Friday’s show from Thackerville, Okla., did 314,000 viewers, the highest for the promotion since a July 12 show that did 325,000 viewers for a Julia Budd women’s featherweight title defense against Olga Rubin.
Lawal, 38, a former Strikeforce light heavyweight champion, and one of Bellator’s signature stars during his seven-year run with the promotion, had retired after a loss to Jiri Prochazka on April 21 in Yokohama, Japan. That fight was to determine the first Rizin light heavyweight champion. Lawal had knocked out Prochzaka in 2015 to win the Rizin heavyweight Grand Prix tournament on New Year’s Eve at the Saitama Super Arena. Lawal had started his career in Japan in 2008 with the Sengoku promotion and appeared several times with Japan during his Bellator career as part of Bellator’s working agreement with Rizin.
But he decided to do one last fight, on Friday night, with Andrew Kapel, since the show was in Oklahoma. Lawal had wrestled in college at both Central Oklahoma, where he won the 2002 Division II national championship, and at Oklahoma State, where he placed third at the 2003 Division I Nationals at 197 pounds. Before going into MMA, Lawal was the national free style champion at 185 pounds in 2005, 2006 and 2008.

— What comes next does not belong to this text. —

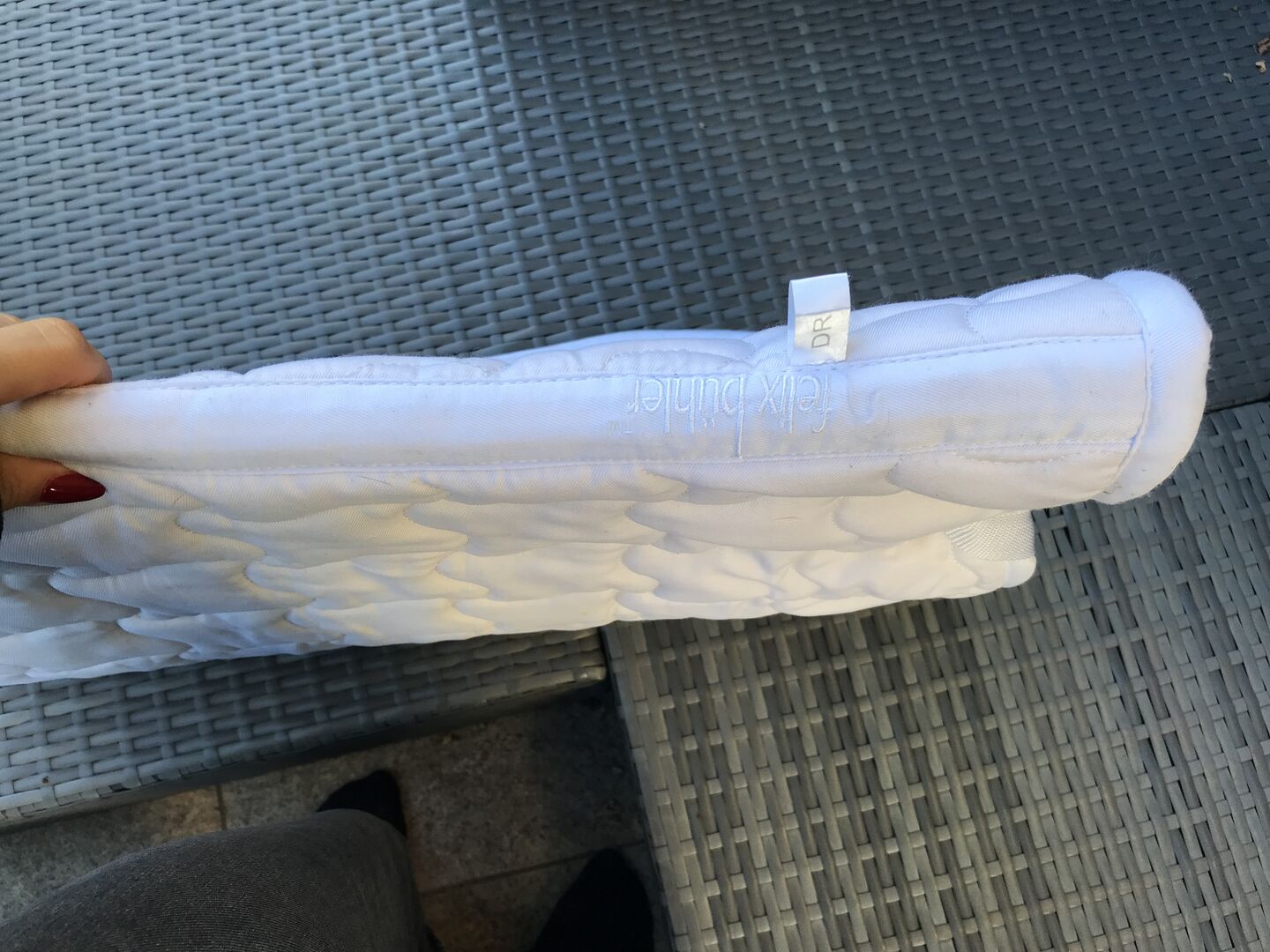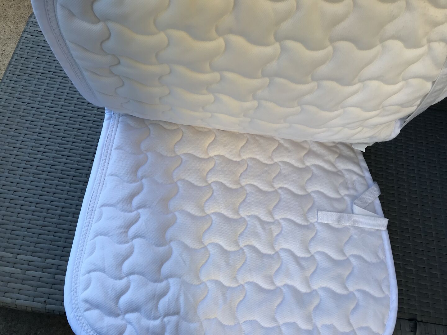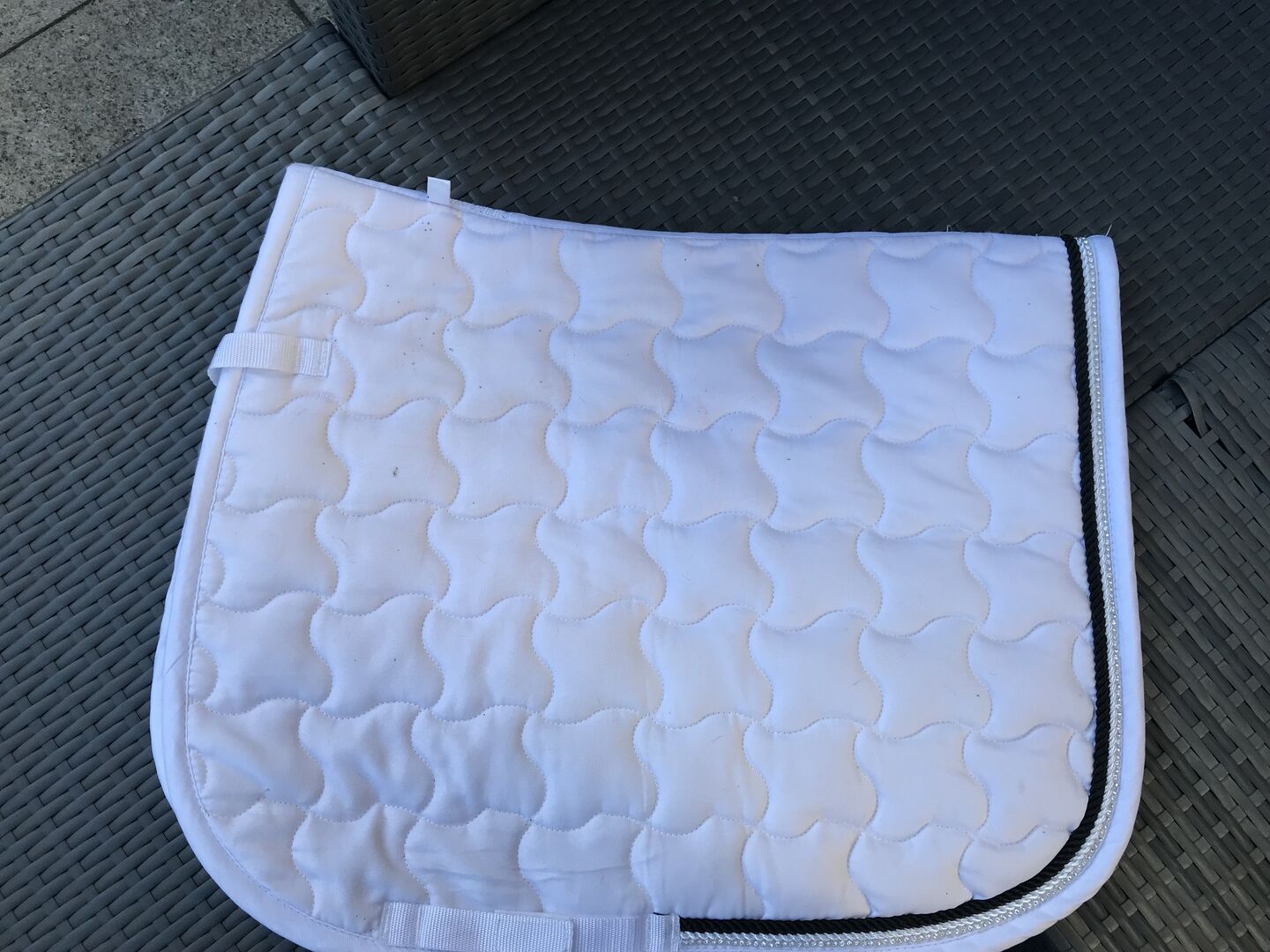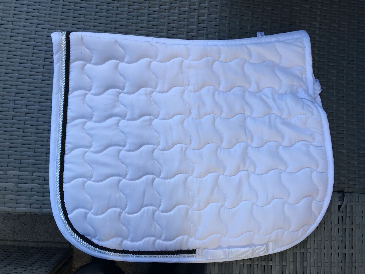 biała podkładka pod siodełko tuningowe - Podkładka pod siodło ujeżdżeniowe, biała z czarną obwódką, jak nowa i wyprana

It didn’t go well, as Lawal was knocked out in an early exchange at 1:22, his fourth straight defeat, to end his career with a 21-10 record with one no-contest. Lawal said he would continue to coach at ATT, and also debuted the next day with Major League Wrestling, a pro wrestling promotion. Lawal had wrestled for Impact Wrestling in the past and was scouted by industry-leader WWE before the start of his MMA career and was close to signing when WWE wrestler Shad Gaspard told him that he could always do pro wrestling, but he would regret it later if he didn’t give MMA a shot first.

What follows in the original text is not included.